SUPPLIED MATERIAL:

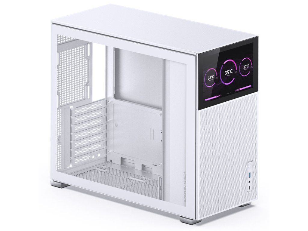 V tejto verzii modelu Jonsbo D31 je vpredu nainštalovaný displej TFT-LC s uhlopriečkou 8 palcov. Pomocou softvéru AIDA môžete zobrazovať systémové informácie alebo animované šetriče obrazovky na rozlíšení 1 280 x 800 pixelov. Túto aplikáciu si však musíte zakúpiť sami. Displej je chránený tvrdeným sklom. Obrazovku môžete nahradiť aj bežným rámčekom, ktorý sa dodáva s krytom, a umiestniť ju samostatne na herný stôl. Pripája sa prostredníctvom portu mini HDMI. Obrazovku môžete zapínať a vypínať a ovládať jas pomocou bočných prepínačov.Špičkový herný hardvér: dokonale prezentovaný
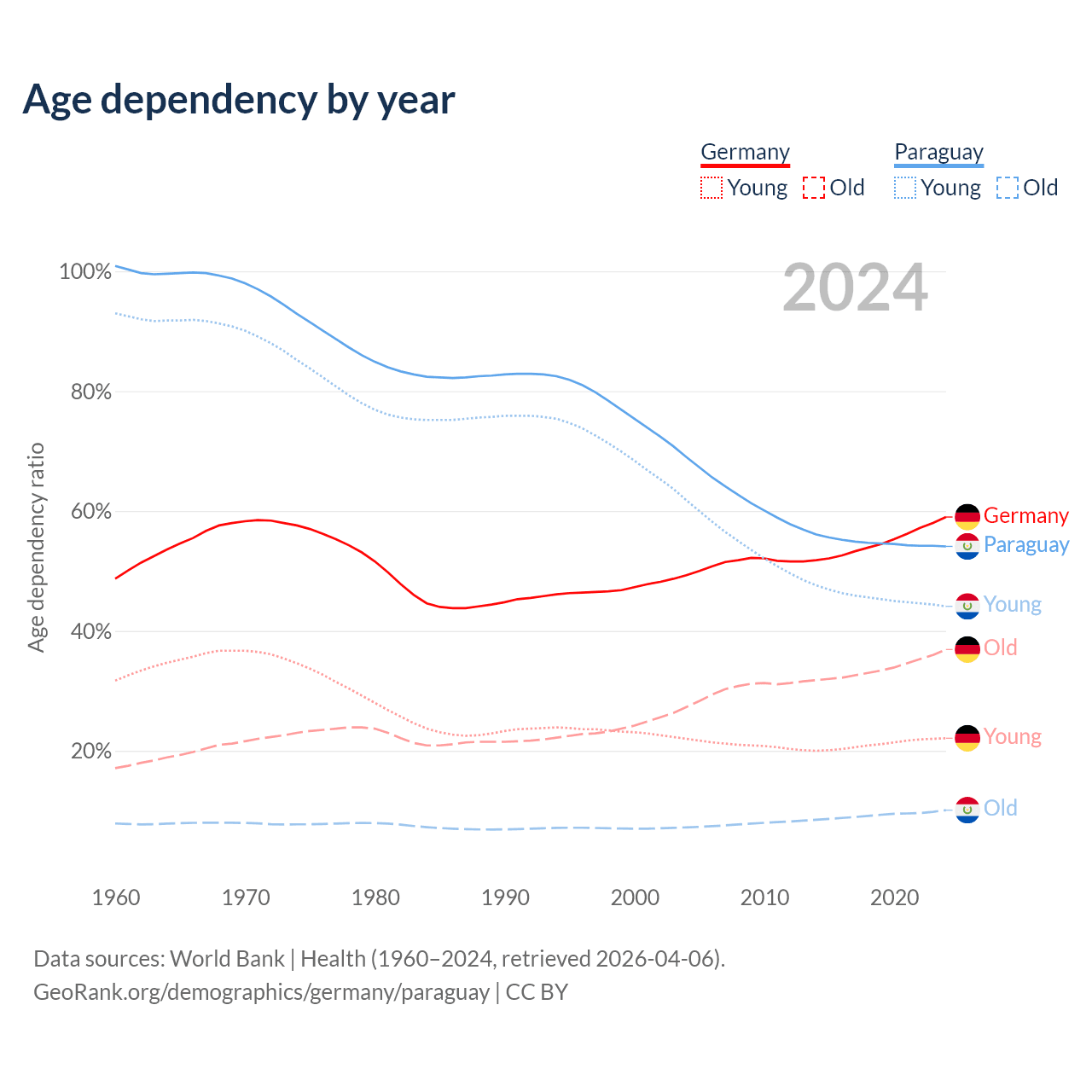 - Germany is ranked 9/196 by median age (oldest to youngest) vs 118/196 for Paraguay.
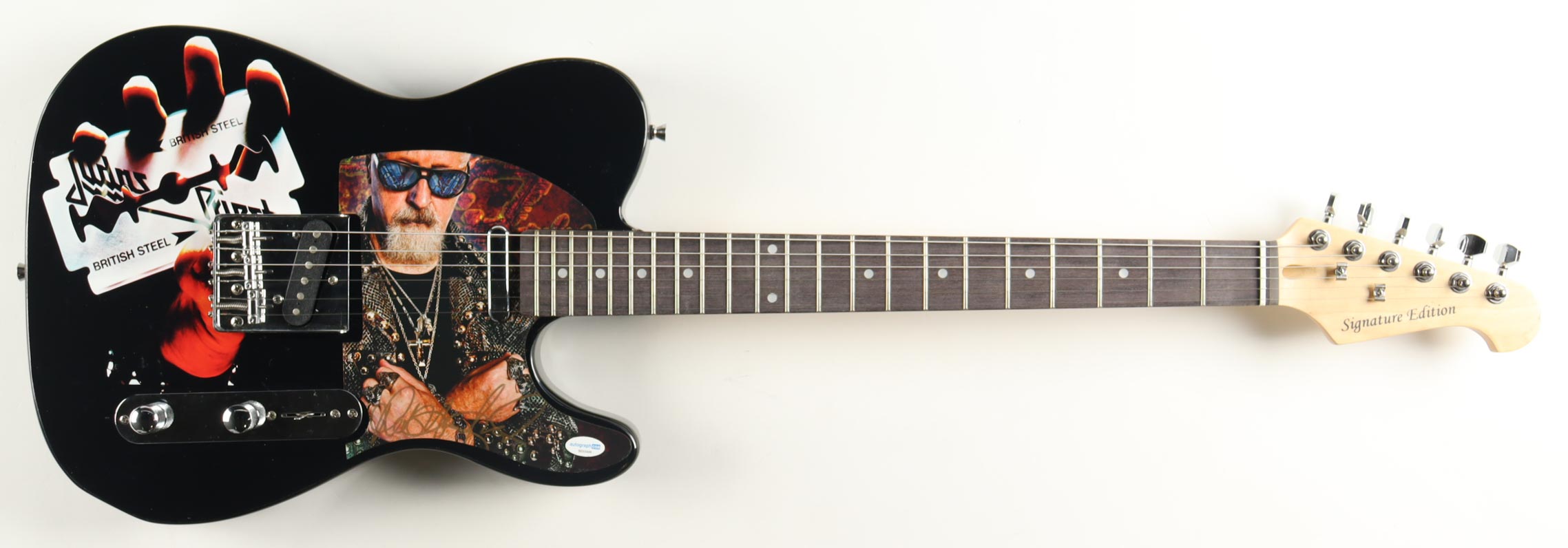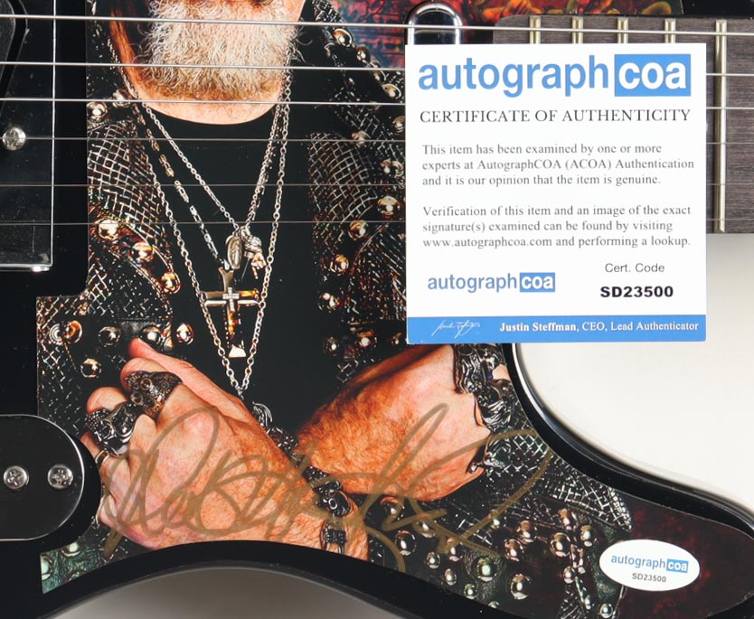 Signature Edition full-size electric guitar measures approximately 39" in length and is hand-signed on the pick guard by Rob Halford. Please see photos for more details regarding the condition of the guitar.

EXERCISE:
The pictures alone are to be left out when the data above is copied; all else must match exactly.

ANSWER BELOW:
 V tejto verzii modelu Jonsbo D31 je vpredu nainštalovaný displej TFT-LC s uhlopriečkou 8 palcov. Pomocou softvéru AIDA môžete zobrazovať systémové informácie alebo animované šetriče obrazovky na rozlíšení 1 280 x 800 pixelov. Túto aplikáciu si však musíte zakúpiť sami. Displej je chránený tvrdeným sklom. Obrazovku môžete nahradiť aj bežným rámčekom, ktorý sa dodáva s krytom, a umiestniť ju samostatne na herný stôl. Pripája sa prostredníctvom portu mini HDMI. Obrazovku môžete zapínať a vypínať a ovládať jas pomocou bočných prepínačov.Špičkový herný hardvér: dokonale prezentovaný
 - Germany is ranked 9/196 by median age (oldest to youngest) vs 118/196 for Paraguay.
 Signature Edition full-size electric guitar measures approximately 39" in length and is hand-signed on the pick guard by Rob Halford. Please see photos for more details regarding the condition of the guitar.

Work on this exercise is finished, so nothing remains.